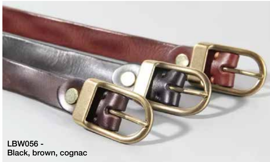
LBW056 - Black, brown, cognac
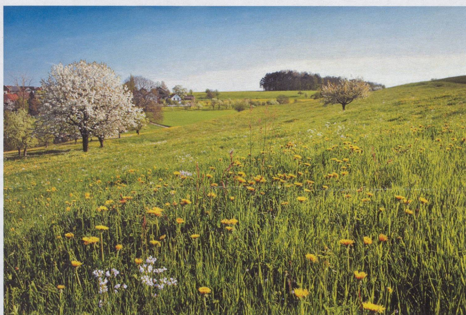
Tafeljura near Anwil

Basel-Landschaft, together with Basel-Stadt, formed the historic Canton of Basel until they separated following an uprising in 1833.
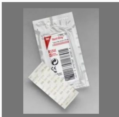
Steri Strip R1541
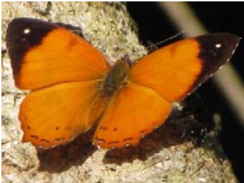
43 Nica flavilla EIPPHILINI
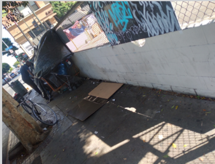
Before and After: 6th and Main
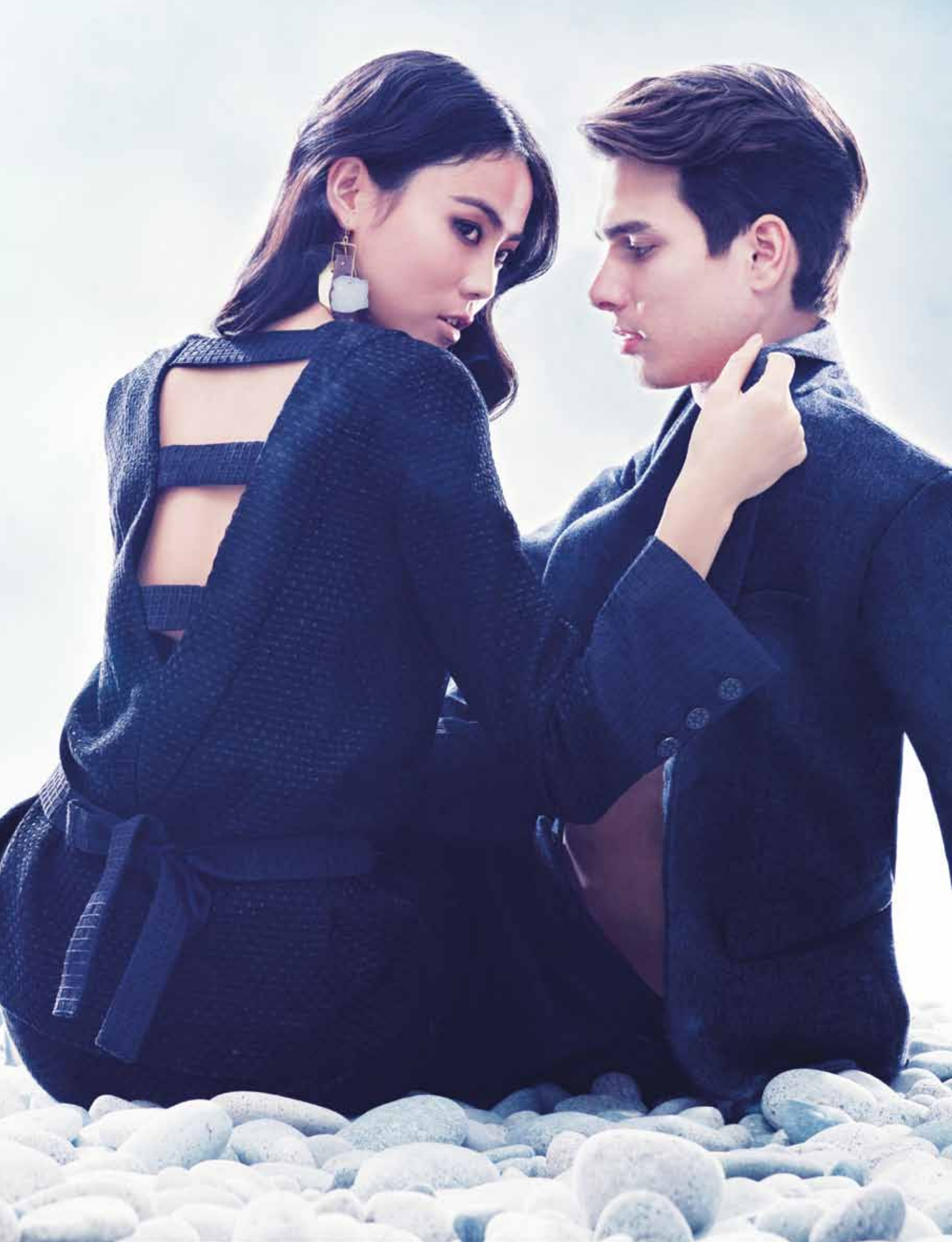
(On her) Embroidered lace dress; embroidered jacquard and leather pumps, Dolce&Gabbana. (On him) Printed silk jacket; cotton shirt; wool and cotton pants, Dolce&Gabbana. Calfskin shoes, Hermès OPPOSITE: (On her) Tweed jacket; tweed pants, Chanel. Brass enamelled patchwork earrings, Céline. (On him) Wool jacket; wool pants, Fendi

++++++++++++++++++++

#### REQUIRED WORK:
Final task for the records above: print exactly the lines from the one that contains "43 Nica flavilla EIPPHILINI" through the last line, both ends included, pictures excluded.

#### EXERCISE SOLUTION:
43 Nica flavilla EIPPHILINI
Before and After: 6th and Main
(On her) Embroidered lace dress; embroidered jacquard and leather pumps, Dolce&Gabbana. (On him) Printed silk jacket; cotton shirt; wool and cotton pants, Dolce&Gabbana. Calfskin shoes, Hermès OPPOSITE: (On her) Tweed jacket; tweed pants, Chanel. Brass enamelled patchwork earrings, Céline. (On him) Wool jacket; wool pants, Fendi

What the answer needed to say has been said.